Civil partnerships would have minimal effect on the spread of radical reproductive technologies
Saturday, August 26th, 2006John Howard suggests civic partnerships as a compromise in the gay marriage debate (how very original!), on the basis that procreation is the essence of marriage and that keeping marriage and civil partnerships separate will make clear that only a husband and wife may have children, thus supposedly limiting the spread of radical reproductive technologies. He thinks his proposal will differentiate supporters of gay partnership from advocates of such technology. However, his compromise completely elides three basic facts.

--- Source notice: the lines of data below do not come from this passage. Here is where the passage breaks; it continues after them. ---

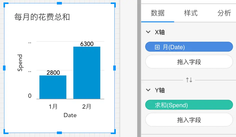 蓝色的 [Month] 对应的是我们X轴的字段 [月(Date)]
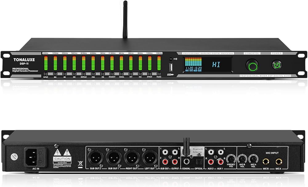 Digital Karaoke Mixer Audio Processor System with DSP, Professional Pre-Stage Effector Vocal Effects Preamp KTV Equalizer, Anti-Howling Microphone Sound Processor w/USB Bluetooth Optical Audio Input
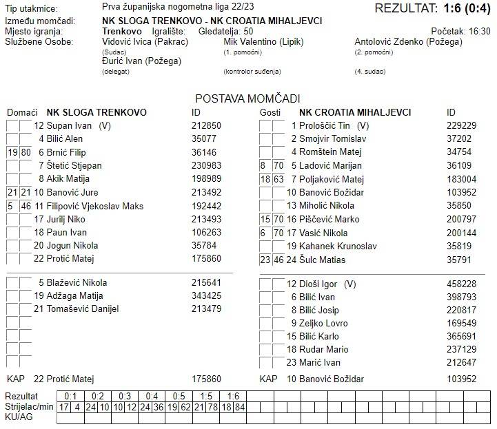 Susjedski derbi nije donio ništa neočekivano, Parmakovićeva je momčad bez problema došla do novog slavlja. Sve je bilo gotovo za samo 12 minuta, u tom vremenskom periodu strijelci za goste bili su Nikola Vasić, Matias Šulc i Božidar Banović, a nakon toga su Mihaljevčani povukli ručnu i do kraja zabili još “samo” tri, u prvom dijelu pogodio je još jednom Šulc, dok su u nastavku za Croatiju zabijali Krunoslav Kahanek i Mario Rudar, dok je počasni gol Sloge potpisao Danijel Tomašević. U 67. minuti isključen je Nikola Jogun pa je domaćin do kraja bio i sa igračem manje, no u tom je periodu odigrao – 1:1.
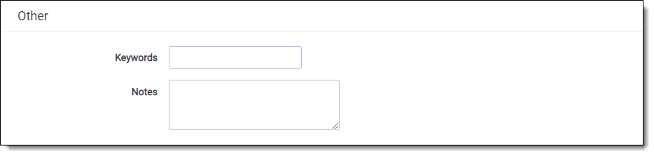 Two optional fields are available on several objects throughout Relativity. Use these to enter keywords and notes as a way of providing additional information about the object you're creating or editing.
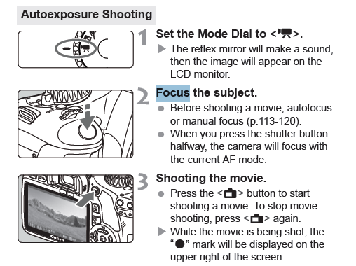 Here are the most relevant pages for movie shooting from the manual/quick which can be downloaded from the products page:
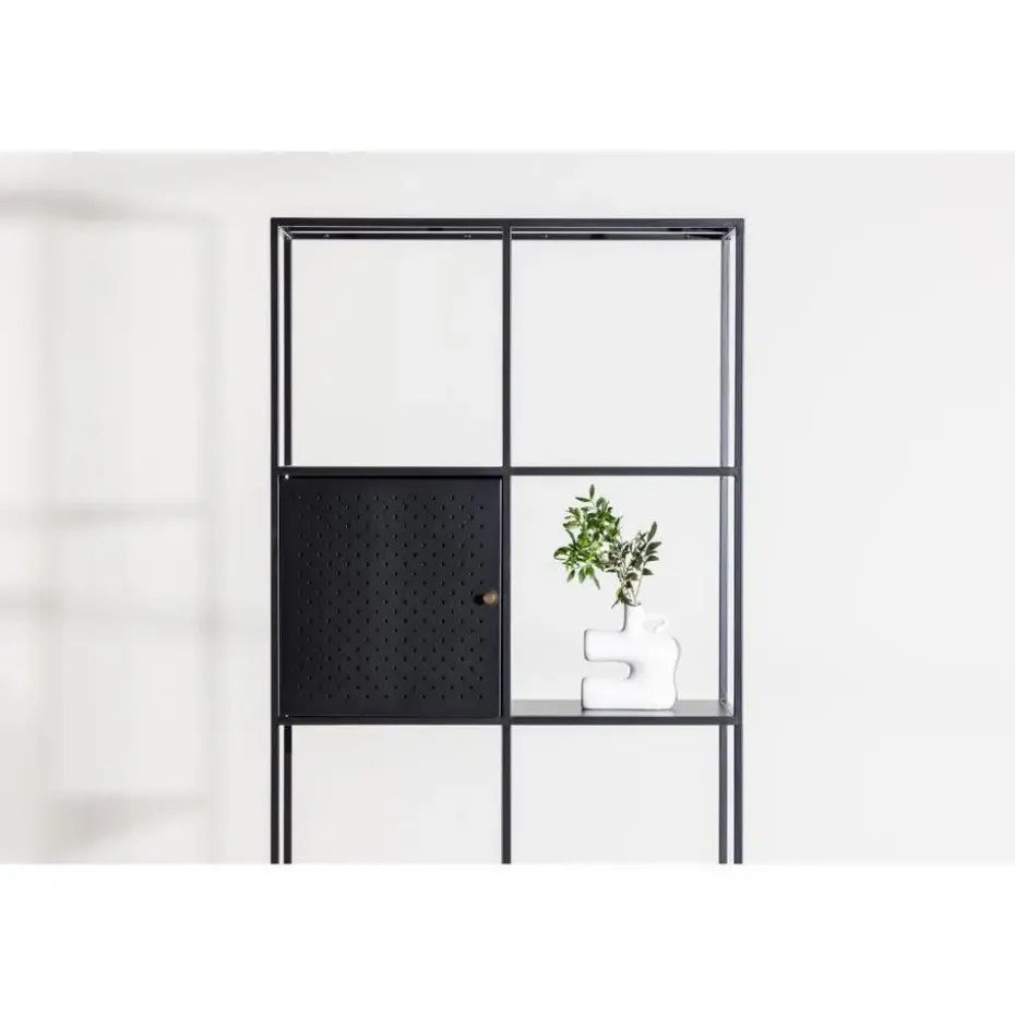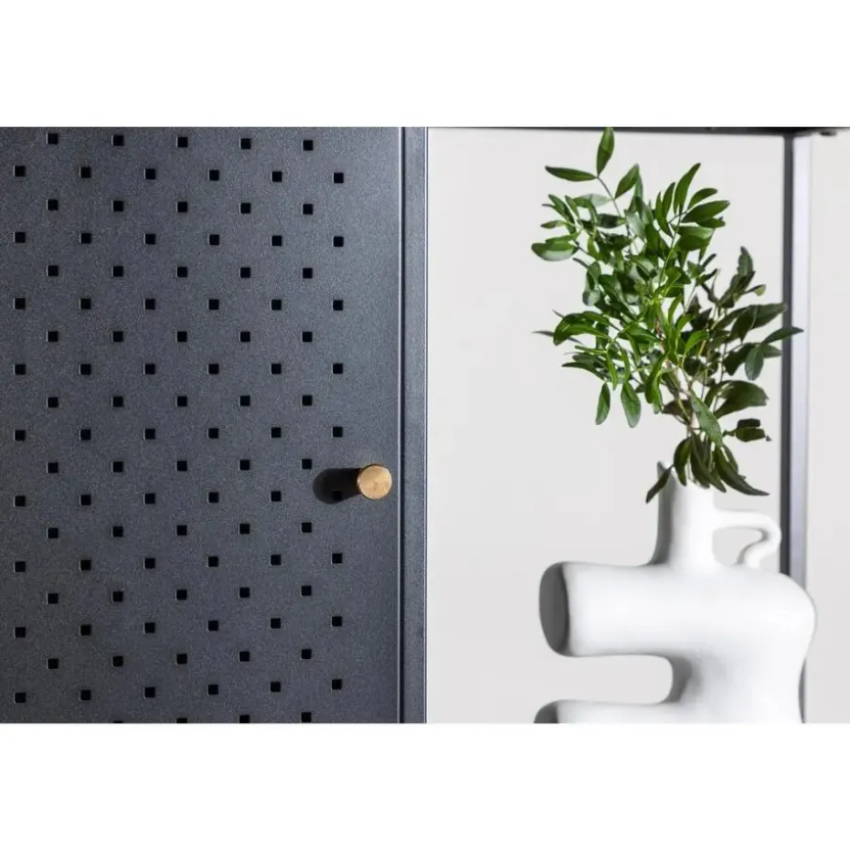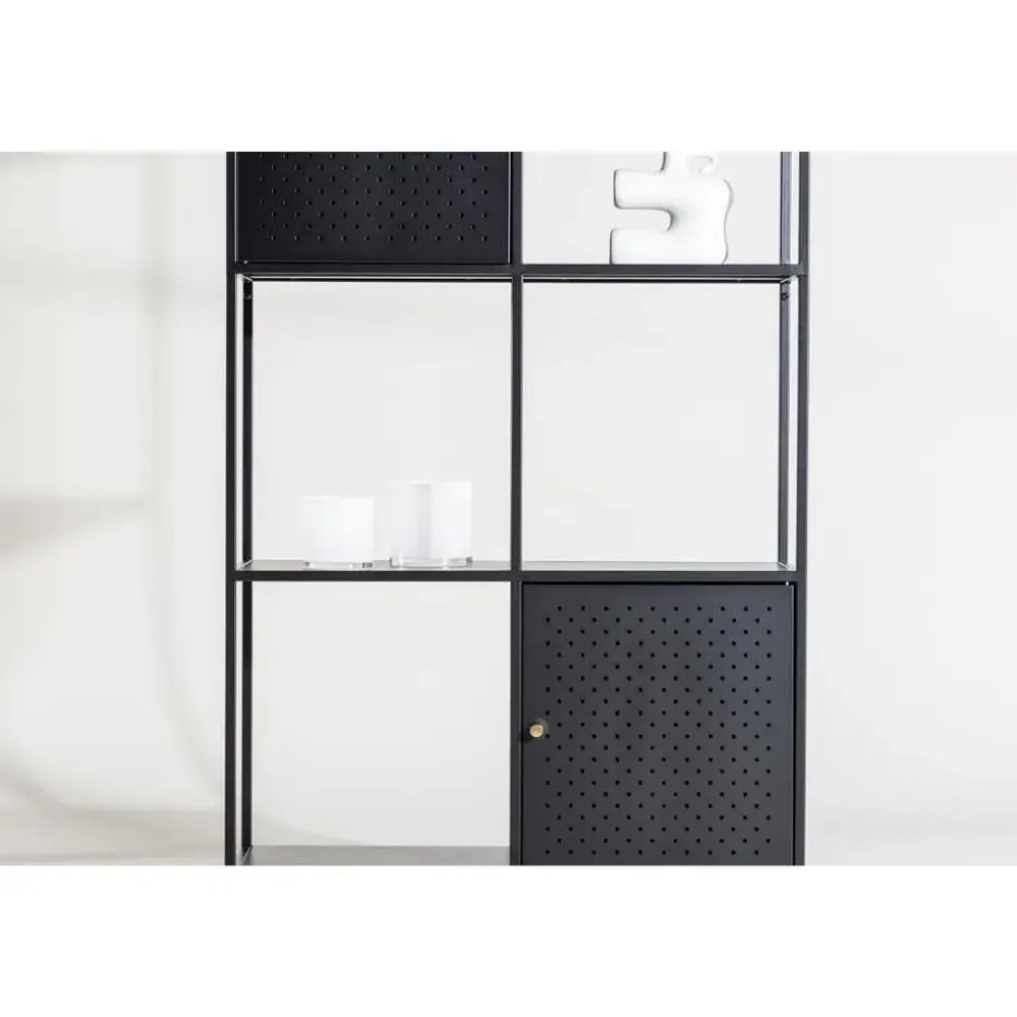 Met zijn hoge en smalle ontwerp biedt dit rek een unieke combinatie van open en verborgen opbergruimte op zijn vier ruime planken. Twee kasten, geplaatst op verschillende hoogtes met elegante messingkleurige knoppen, bieden de perfecte plek om kleine items weg te bergen en een georganiseerde oppervlakte te creëren. De open planken zijn ontworpen om jouw mooie decoraties of kaarshouders te tonen, wat een gevoel van gezelligheid brengt.
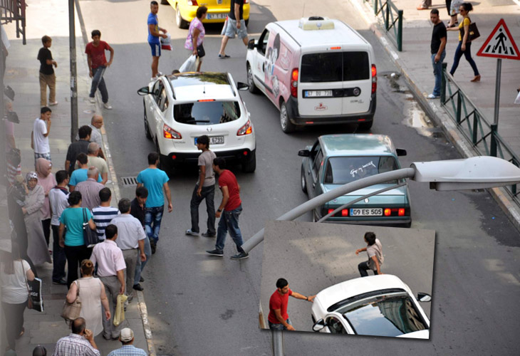 arabalarından harçlık isteyen gençler, diz çöküp yolda bekledi. Aracın
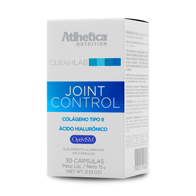 <p>A Atlhetica Nutrition desenvolveu o Joint Control® da linha Cleanlab® pensando em você que não quer desistir das atividades físicas, mas que sente as dores causadas por pequenas lesões ou pela diminuição da flexibilidade.</p> <p>O <strong>Cleanlab Joint Control Atlhetica com 30 cápsulas</strong>, é um excelente suplemento que auxilia na prevenção e recuperação de lesões nas articulações e tendões, que sofrem o impacto do dia a dia e tem desgaste natural do corpo auxiliando na lubrificação das articulações, reduzindo o atrito consequentemente, prevenindo e aliviando as dores.</p> Sobre os ingredientes: <p>Metilsulfonilmetano (msm), colágeno de frango tipo ii, ácido hialurônico, antiumectantes celulose microcristalina, estearato de magnésio e dióxido de silício, cápsula de gelatina (gelatina e água purificada). Não contém Glúten.</p> Motivos para escolher o produto: <ul> <li> <p>50mg de MSM</p> </li> <li> <p>40mg de Colágeno tipo II</p> </li> <li> <p>7mg de Ácido Hialurônico</p> </li> <li> <p>Sem Lactose</p> </li> <li> <p>Sem Açúcar</p> </li> <li> <p>Sem Calorias</p> </li> <li> <p>Sem glúten</p> </li> <li> <p>Sem Gordura</p> </li> </ul> Sobre a marca: <p>A <strong>Atlhetica</strong>, é uma empresa no qual os produtos são desenvolvidos pela ADS Laboratório Nutricional, que produz suplementos alimentares inovadores com alta qualidade e tecnologia avançada, é considerada a maior indústria de suplementos alimentares do Brasil. Os são fabricados seguindo as normas estabelecidas pela ANVISA (Agência Nacional de Vigilância Sanitária) e pelas Boas Práticas de Fabricação (BPF), proporcionando a qualidade, bem-estar e a eficácia que os consumidores tanto desejam.</p>
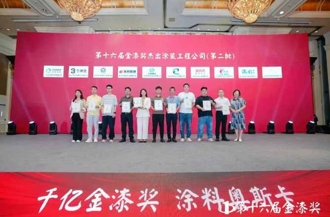 “紫荊花”榮獲第十六屆金漆獎(jiǎng)藝術(shù)涂料臻選品牌;富思特新材料科技發(fā)展股份有限公司榮獲第十六屆金漆獎(jiǎng)?wù)檫x創(chuàng)新解決方案供應(yīng)商;江門市制漆廠有限公司榮獲第十六屆金漆獎(jiǎng)?wù)檫x創(chuàng)新解決方案供應(yīng)商;“固克綠色修繕”榮獲第十六屆金漆獎(jiǎng)修繕?lè)?wù)杰出品牌;“寶塔山”榮獲第十六屆金漆獎(jiǎng)仿石涂料臻選品牌;“君子蘭”榮獲第十六屆金漆獎(jiǎng)木門涂料臻選品牌;“Novacolor”榮獲第十六屆金漆獎(jiǎng)進(jìn)口藝術(shù)涂料臻選品牌;“金陵涂料”榮獲第十六屆金漆獎(jiǎng)水性涂料臻選品牌;廣東中涂聯(lián)涂料科技有限公司榮獲第十六屆金漆獎(jiǎng)?wù)檫x創(chuàng)新解決方案供應(yīng)商;“光明”榮獲第十六屆金漆獎(jiǎng)防腐涂料臻選品牌;“卓瑪”榮獲第十六屆金漆獎(jiǎng)兒童級(jí)健康膩?zhàn)宇I(lǐng)創(chuàng)品牌;“亞士”榮獲第十六屆金漆獎(jiǎng)涂料膩?zhàn)诱檫x品牌;“君子蘭”榮獲第十六屆金漆獎(jiǎng)UV涂料臻選品牌;“展辰”榮獲第十六屆金漆獎(jiǎng)工業(yè)涂料臻選品牌;“渝輝”榮獲第十六屆金漆獎(jiǎng)涂料智能裝備臻選品牌;“優(yōu)培”榮獲第十六屆金漆獎(jiǎng)?wù)槊老蠕h涂料品牌;“VillaePaint 甄圖藝墅家”榮獲第十六屆金漆獎(jiǎng)設(shè)計(jì)師信賴之藝術(shù)涂料新銳品牌;“剛玉”榮獲第十六屆金漆獎(jiǎng)仿石涂料臻選品牌。

First, many gay advocates appear to believe that marriage offers social validation of their relationship, not a passport to children. Moreover, the majority of people in the USA do not believe procreation is the essence of marriage, so there is no reason for gay marriage advocates to begin from that position. The United States is unusually strong in its majority rejection of the very idea that children are the main reason for marriage:
| Country | Percentage who disagree with the statement that having children is the main purpose of marriage |
|---|---|
| New Zealand | 70.2 |
| United States | 69.5 |
| Canada | 69.4 |
| Netherlands | 68.5 |
| Northern Ireland | 64.5 |
| Great Britain | 64.4 |
| East Germany | 63.5 |
| Sweden | 63.4 |
| Japan | 63.2 |
| Ireland | 62.1 |
| Australia | 59.0 |
| Spain | 56.5 |
| West Germany | 56.2 |
| Austria | 54.1 |
| Norway | 50.7 |
| Italy | 45.5 |
| Israel | 37.8 |
| Slovenia | 36.2 |
| Poland | 33.2 |
| Russia | 28.0 |
| Czechoslovakia | 26.8 |
| Philippines | 16.1 |
| Hungary | 16.0 |
| Bulgaria | 14.3 |
Fact two. While American society is not exactly friendly to single parents, it does not actively prosecute people for having children out of wedlock. More than a third of American births happen outside marriage [National Center for Health Statistics]. Forcing gay partners to make do with civil partnerships would do little to establish a strong connection between marriage and procreation.
Fact three. Thousands of men and women already use reproductive technologies such as fertility treatment and surrogacy in the creation of children. Three million people have been born worldwide with the help of IVF [BBC News]. Excluding gay couples from marriage will do little to stop the demand for reproductive technology. But promoting the idea that procreation is central to marriage is sure to increase it. Over at Crooked Timber today Harry asked for ‘a really good article, by someone philosophically sophisticated, which argues against gay marriage’ and the tumbleweed rolled past. Commenting on Somerville’s opposition to gay marriage for fear that it will open the door to radical reproductive technologies, ‘susanc’ notes that:
Strangely enough, similar concerns make me opposed to reproductive definit[i]ons of marriage. Suppose some really extreme government limits marriage to couples who have biological children (so post-menopausal women or men with too low a sperm count can’t marry). This would create a strong incentive to use reproductive technologies (that might not be entirely safe) just to have children, in order to get married. When, absent the biological definition of marriage, couples might have been happy getting married and adopting, or not having children, or having children via a sperm donor etc.…)
It’s striking that the most enthusiastic adopters of IVF have been in Israel, where a majority do believe that children are the main purpose of marriage.